- [Exercise description]: Below are entries. Give back exactly the lines from the one containing "效力于卡迪西亞的納喬更新社媒" through the one containing "Students will learn", inclusive, without the pictures.

····················

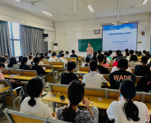金融教研室骨干教师曹永年老师为21级金融科技应用专业两个班级新生带来了关于金融科技应用专业前景解读、如何开展专业学习、怎么从高中过渡到大学学习模式等方面的介绍。新生们满怀期待提出自己的疑惑,曹老师都给予了回复,让大家看到了专业的希望,树立了学好专业的信心,看到作为新兴行业的金融科技应用的飞速发展,了解专业的内涵和内容,并看到我们存在的差距和国家这方面专业人才的缺口。同学们非常感慨,都表明态度要好好学习专业知识,用专业武装自己。最后师生对于专业的相关学习考证升本课外积累等进行了交流和分享。整场专业介绍会持续了一个半小时,大家积极交流反映积极,是一次收获颇丰的专业介绍分享。
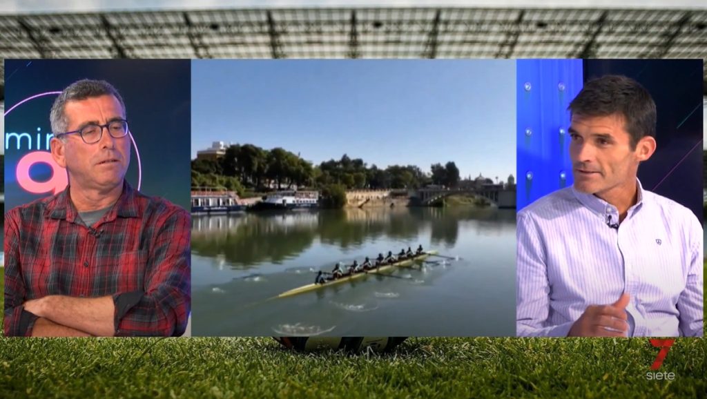 El derbi del remo sevillano, analizado en el programa ‘Minuto 91’ por los veteranos de Sevilla y Betis Juan Luis Aguirre y Gaspar Company.
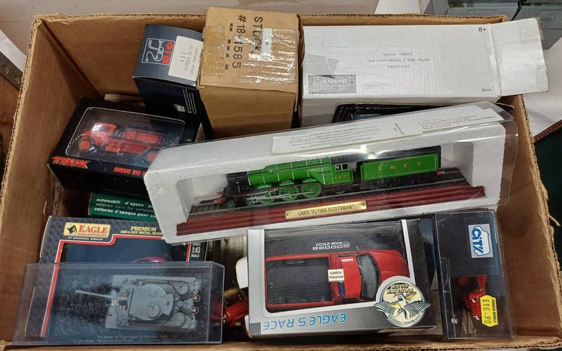 Selection of various model vehicles including challenger tank uk mainland division, vw volkswagen kubelwagen, 4-6-2 lner 4472 flying scotsman steam locomotive and others.
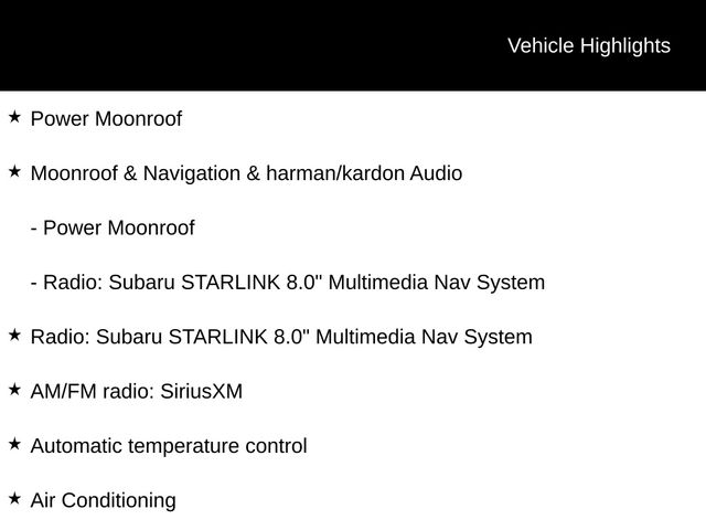 ⢠Radio: Subaru STARLINK 8.0" Multimedia Nav System
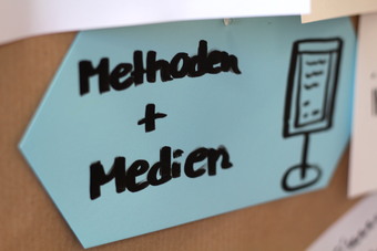 Das Bild zeigt eine Moderationskarte mit der Aufschrift "Methoden + Medien", fotografiert von Elisabeth Scherer für SeLL, HHU Düsseldorf. Es gelten die Nutzungsbedingungen der Mediothek und Pixiothek.
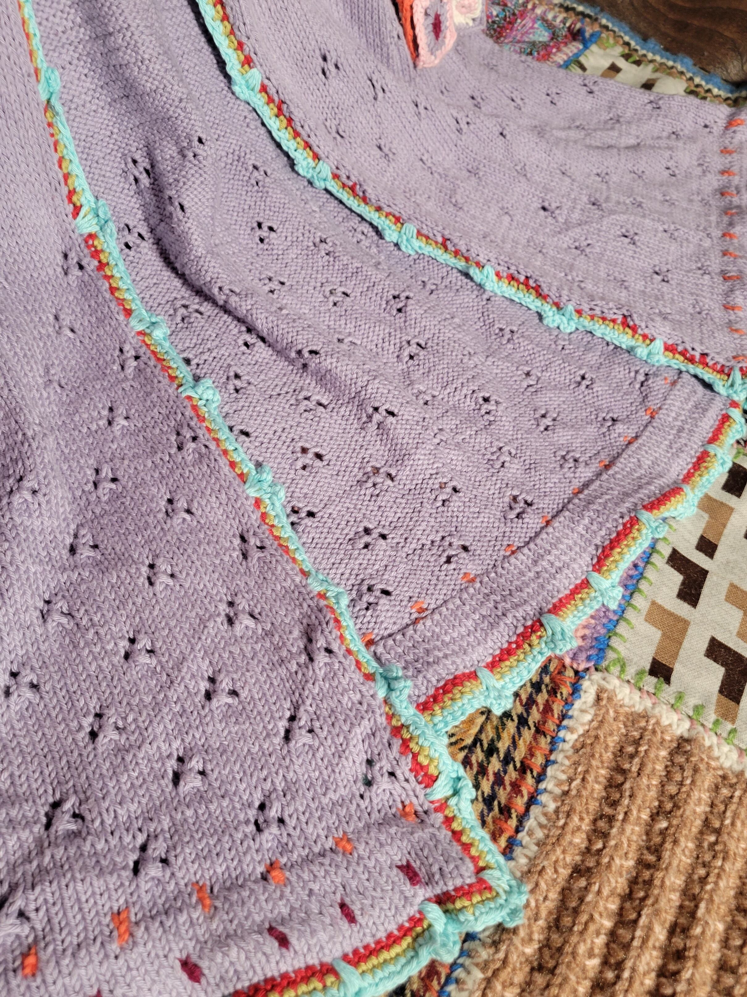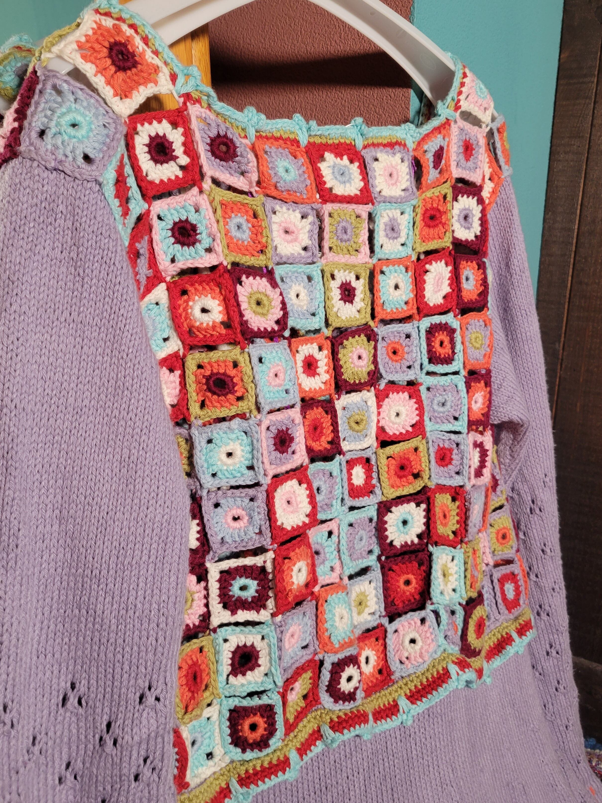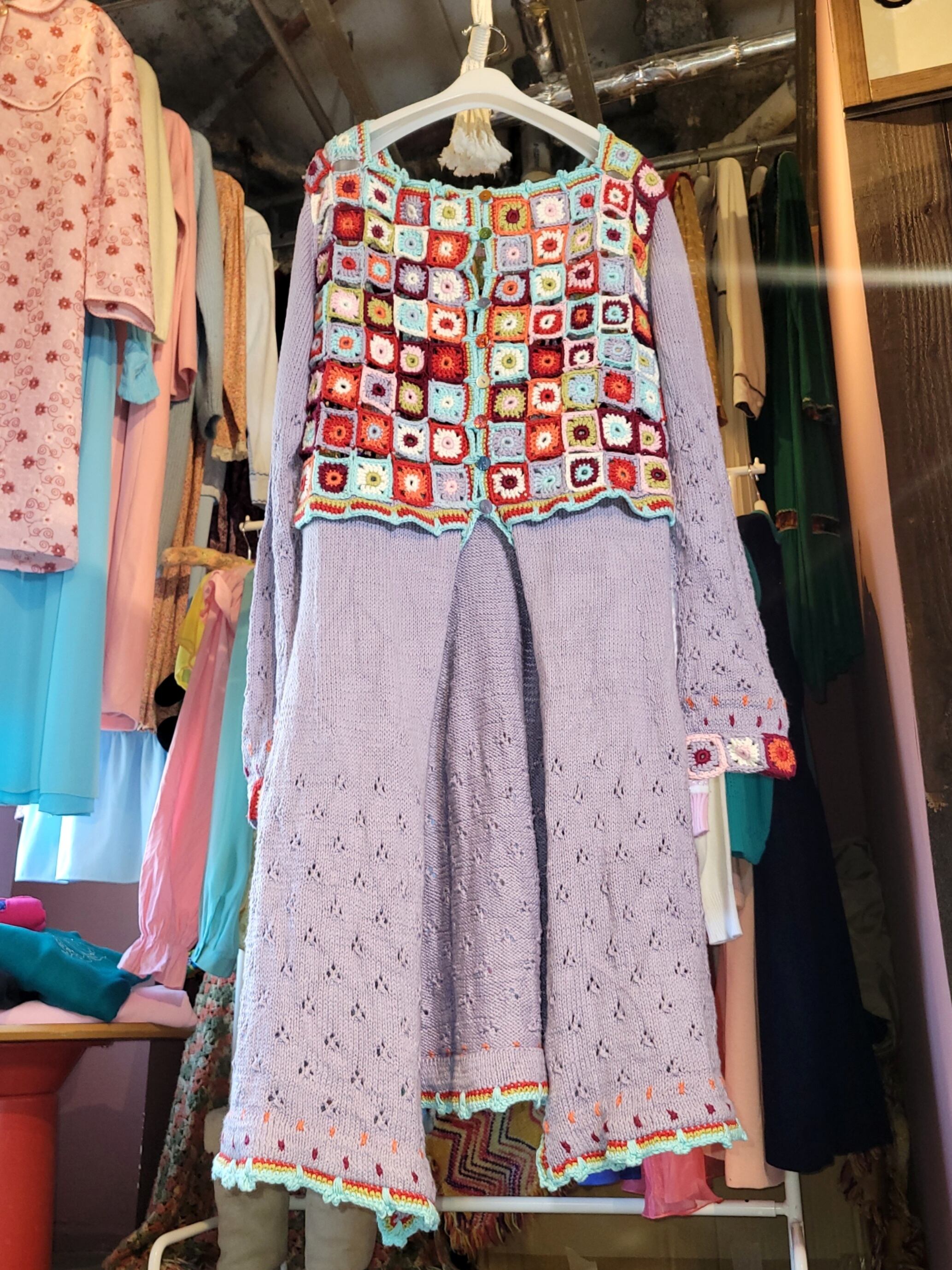 とっても華やかな一着です。小さくひしめき合うグラニースクエアのはトップス部分の全面、袖部分にも施されています。袖、裾の透かし編み、アウトラインのカラーリングも堪らない。スペシャルな一着です。
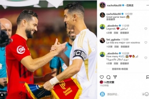 效力于卡迪西亞的納喬更新社媒動(dòng)態(tài),曬出與老隊(duì)友C羅賽前致意的合照,配文:“精彩的比賽,團(tuán)隊(duì)??”
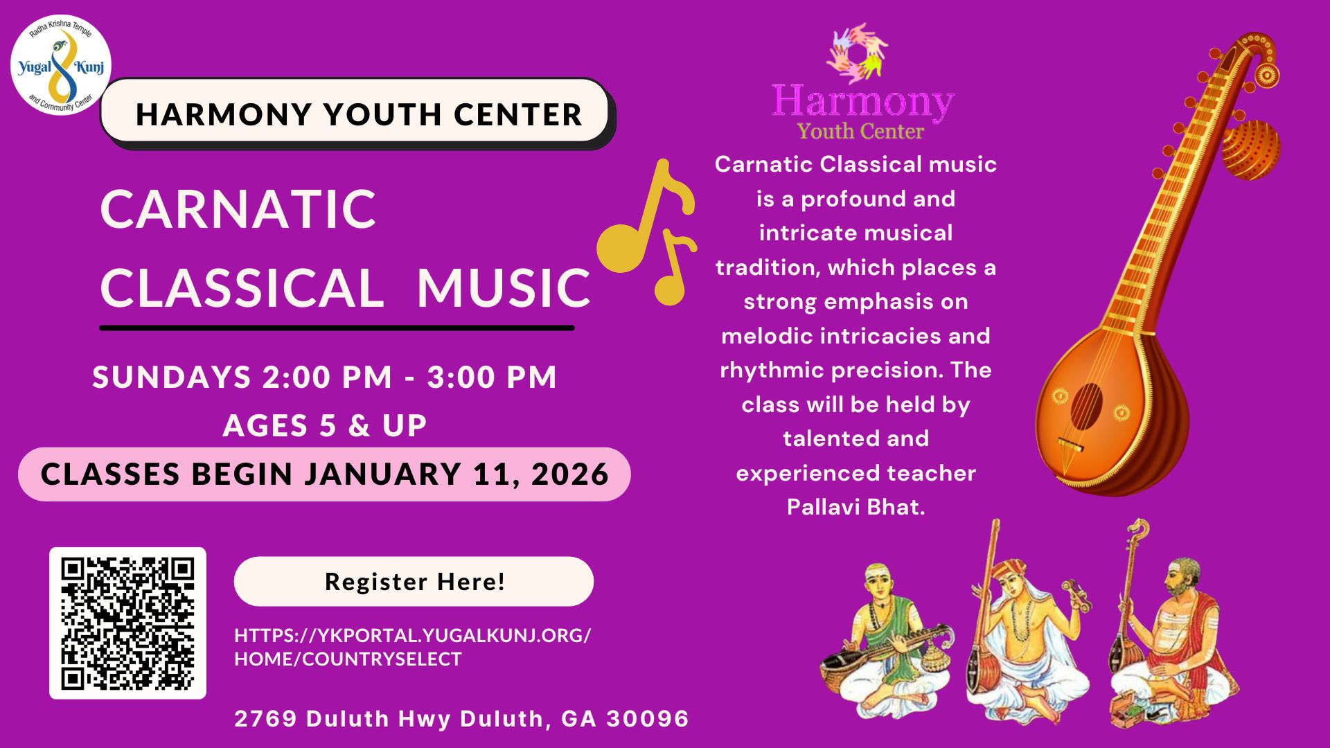 Students will learn the basics of Indian classical vocal music. They will learn how to sing devotional songs and play them on the harmonium. This is an in-person class
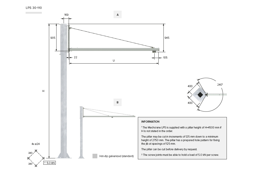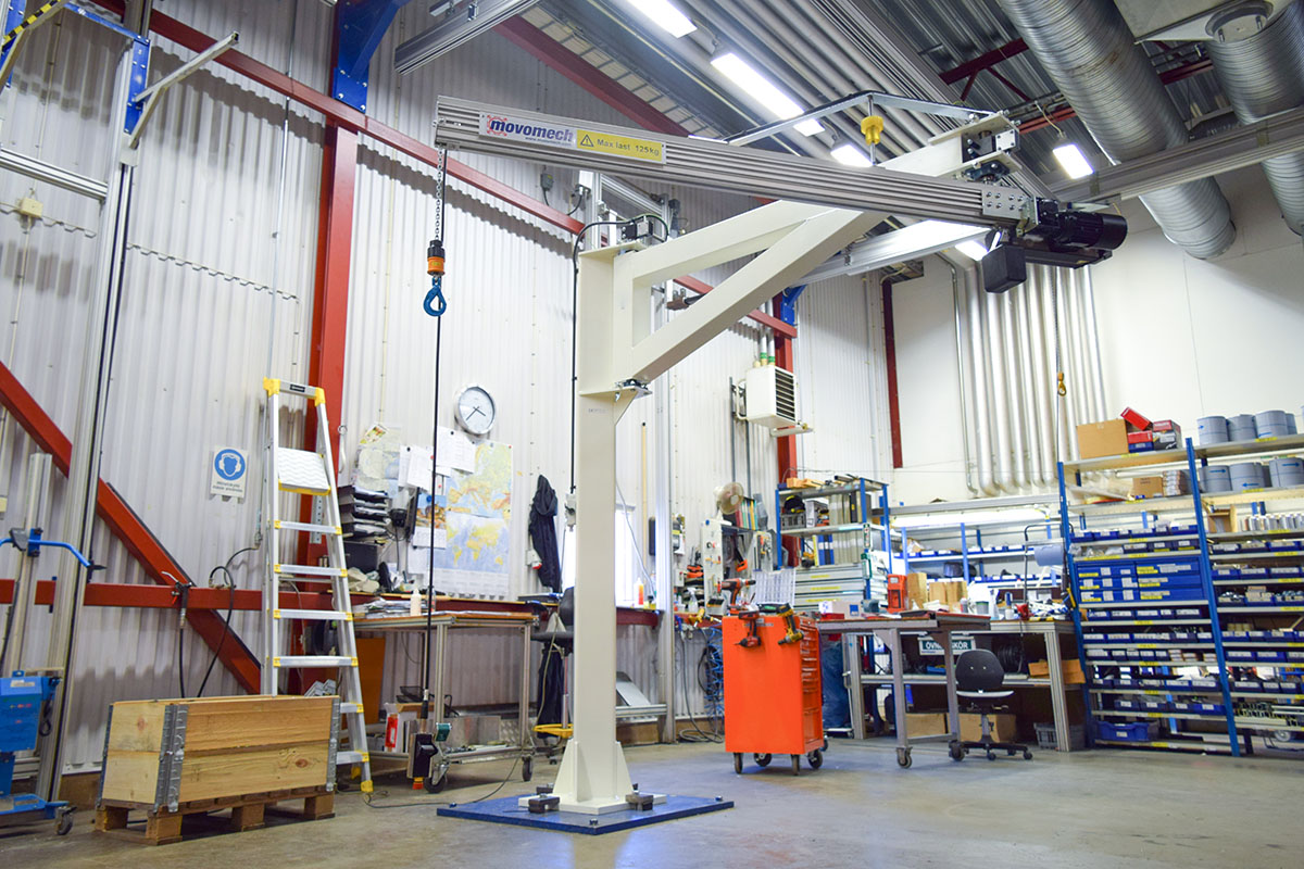 Las grúas bandera montadas en pilares LPS/APS Mechcrane™ brindan la oportunidad de instalar equipos de elevación ergonómicos en las estaciones de trabajo. Aluminio ligero y resistente Las grúas tipo pluma de columna de Movomech están equipadas con pilares rígidos de acero pintado y brazos de pluma fabricados con perfiles de aluminio resistentes y ligeros de la gama de sistemas de grúa Mechrail™. El brazo de la grúa está equipado con un carro de aluminio estable y de fácil desplazamiento, equipado con rodamientos de rueda de alta calidad.

····················

- [Result]:
 效力于卡迪西亞的納喬更新社媒動(dòng)態(tài),曬出與老隊(duì)友C羅賽前致意的合照,配文:“精彩的比賽,團(tuán)隊(duì)??”
 Students will learn the basics of Indian classical vocal music. They will learn how to sing devotional songs and play them on the harmonium. This is an in-person class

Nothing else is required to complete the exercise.